### What is expected
Starting at the line with "中新經(jīng)緯客戶端(微信公眾號:jwview)梳", copy each line through the last one below exactly as written, without any pictures.

[Stored items]
★ ★ ★ ★

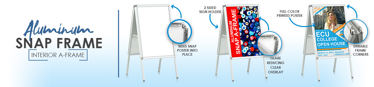 The metal snap a frame is a stylish interior a-frame. The frame snaps the printed poster into place and has a antiglare clear lens that protects the print. Weighing only 15lbs this frame is easy to set up and take down. The hinges lock into place so no worries the stand will no collapse. The metal snap a frame holds two signs, one on each side.
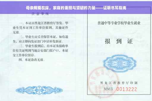 摘要:,,本证明书旨在证明家中母亲因健康问题导致瘫痪在床。家庭面临巨大挑战,但成员展现坚韧力量,共同承担照顾老人的重任。证明内容涵盖母亲的健康状况、卧床情况,以及家庭成员的坚定支持和照顾。此证明旨在展现家庭的实际情况和所需帮助,以表达对母亲的关爱和对家庭坚韧精神的认可。
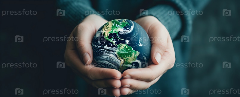Руки держат глобус стеклянной земли с полем зеленой травы сбоку на размытом светлом фоне природы, Всемирный день окружающей среды и создание зеленого чистого мира по-своему
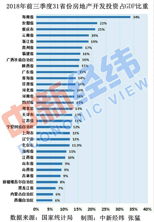 中新經(jīng)緯客戶端(微信公眾號:jwview)梳理發(fā)現(xiàn),2017年前三季度31省份“房地產(chǎn)開發(fā)投資占GDP比重”前三名與今年相同,也是海南、安徽、重慶。易居研究院智庫中心研究總監(jiān)嚴躍進認為,海南、安徽、重慶占比高與此三省的招商力度大有關系,也和具體的產(chǎn)業(yè)導入有關。
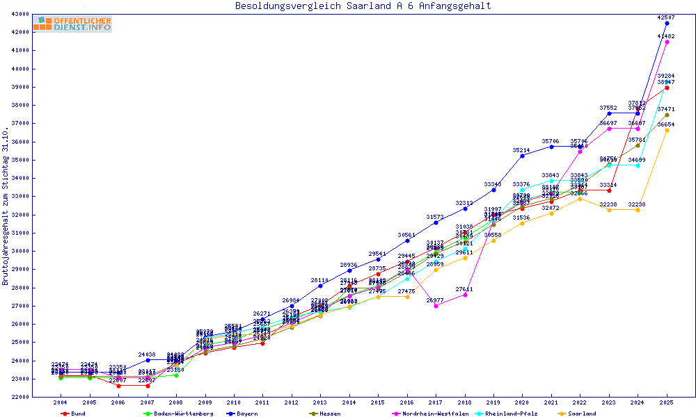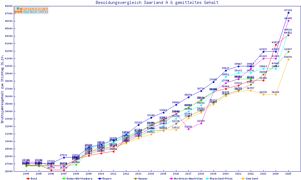 | Besoldungsvergleich A 6 im Jahr 2025 | gemitteltes Gehalt | ||||||
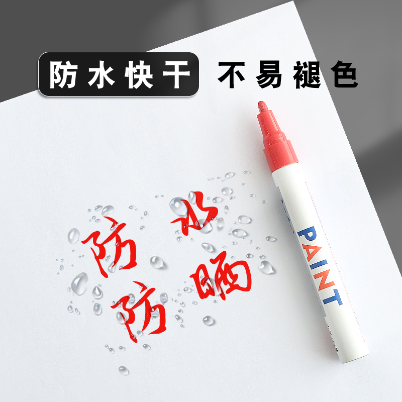 红色油漆记号笔防水不易掉色油性防晒工业金属标记细头轮胎笔描胎汽车专用油漆笔涂鸦笔画鞋用的笔粗头补漆笔

★ ★ ★ ★

### Result
 中新經(jīng)緯客戶端(微信公眾號:jwview)梳理發(fā)現(xiàn),2017年前三季度31省份“房地產(chǎn)開發(fā)投資占GDP比重”前三名與今年相同,也是海南、安徽、重慶。易居研究院智庫中心研究總監(jiān)嚴躍進認為,海南、安徽、重慶占比高與此三省的招商力度大有關系,也和具體的產(chǎn)業(yè)導入有關。
 | Besoldungsvergleich A 6 im Jahr 2025 | gemitteltes Gehalt | ||||||
 红色油漆记号笔防水不易掉色油性防晒工业金属标记细头轮胎笔描胎汽车专用油漆笔涂鸦笔画鞋用的笔粗头补漆笔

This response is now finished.